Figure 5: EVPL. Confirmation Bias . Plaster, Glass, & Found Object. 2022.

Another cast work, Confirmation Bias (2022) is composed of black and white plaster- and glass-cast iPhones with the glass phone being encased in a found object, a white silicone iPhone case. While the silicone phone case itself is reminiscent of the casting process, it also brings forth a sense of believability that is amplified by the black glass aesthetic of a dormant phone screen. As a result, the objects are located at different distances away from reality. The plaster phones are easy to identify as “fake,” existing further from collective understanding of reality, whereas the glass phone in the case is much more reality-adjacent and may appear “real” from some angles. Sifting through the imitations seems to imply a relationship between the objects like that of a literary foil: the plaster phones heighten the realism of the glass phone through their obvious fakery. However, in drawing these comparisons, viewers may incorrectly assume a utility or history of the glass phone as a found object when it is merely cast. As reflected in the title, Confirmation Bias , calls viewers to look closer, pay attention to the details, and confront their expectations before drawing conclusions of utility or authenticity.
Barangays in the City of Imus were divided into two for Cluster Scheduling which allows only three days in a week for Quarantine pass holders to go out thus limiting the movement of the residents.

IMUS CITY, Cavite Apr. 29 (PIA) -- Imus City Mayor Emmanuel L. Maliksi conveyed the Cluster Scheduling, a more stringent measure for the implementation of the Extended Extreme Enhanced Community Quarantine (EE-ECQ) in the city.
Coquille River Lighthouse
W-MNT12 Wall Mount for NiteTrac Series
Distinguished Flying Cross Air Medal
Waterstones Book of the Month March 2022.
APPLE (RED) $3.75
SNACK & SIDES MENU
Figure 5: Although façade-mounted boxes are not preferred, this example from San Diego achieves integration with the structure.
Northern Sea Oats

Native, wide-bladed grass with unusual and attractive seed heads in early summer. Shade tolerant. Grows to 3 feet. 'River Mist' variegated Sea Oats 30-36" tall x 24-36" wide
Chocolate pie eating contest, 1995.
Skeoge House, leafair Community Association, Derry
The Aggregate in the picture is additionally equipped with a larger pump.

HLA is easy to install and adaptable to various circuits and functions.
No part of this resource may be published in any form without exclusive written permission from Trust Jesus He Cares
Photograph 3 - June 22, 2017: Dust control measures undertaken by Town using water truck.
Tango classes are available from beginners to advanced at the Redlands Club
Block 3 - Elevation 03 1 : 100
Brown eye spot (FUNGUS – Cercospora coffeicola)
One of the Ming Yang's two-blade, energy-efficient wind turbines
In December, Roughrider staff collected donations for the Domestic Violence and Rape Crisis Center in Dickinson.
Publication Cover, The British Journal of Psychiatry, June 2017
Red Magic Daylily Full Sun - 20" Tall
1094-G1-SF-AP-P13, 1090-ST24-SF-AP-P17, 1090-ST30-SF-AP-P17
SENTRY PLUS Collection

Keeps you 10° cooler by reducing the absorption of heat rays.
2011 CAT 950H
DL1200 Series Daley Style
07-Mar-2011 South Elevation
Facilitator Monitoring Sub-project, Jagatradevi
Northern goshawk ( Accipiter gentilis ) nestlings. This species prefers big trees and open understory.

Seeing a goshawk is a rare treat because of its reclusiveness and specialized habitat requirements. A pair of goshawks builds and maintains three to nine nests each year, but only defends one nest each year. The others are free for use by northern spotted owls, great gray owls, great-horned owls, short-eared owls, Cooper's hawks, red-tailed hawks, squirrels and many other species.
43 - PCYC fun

GOAL OF THE EXERCISE
Copy the lines from the entries above in which the word "Figure" appears.

PROBLEM SOLUTION
Figure 5: EVPL. Confirmation Bias . Plaster, Glass, & Found Object. 2022.
Figure 5: Although façade-mounted boxes are not preferred, this example from San Diego achieves integration with the structure.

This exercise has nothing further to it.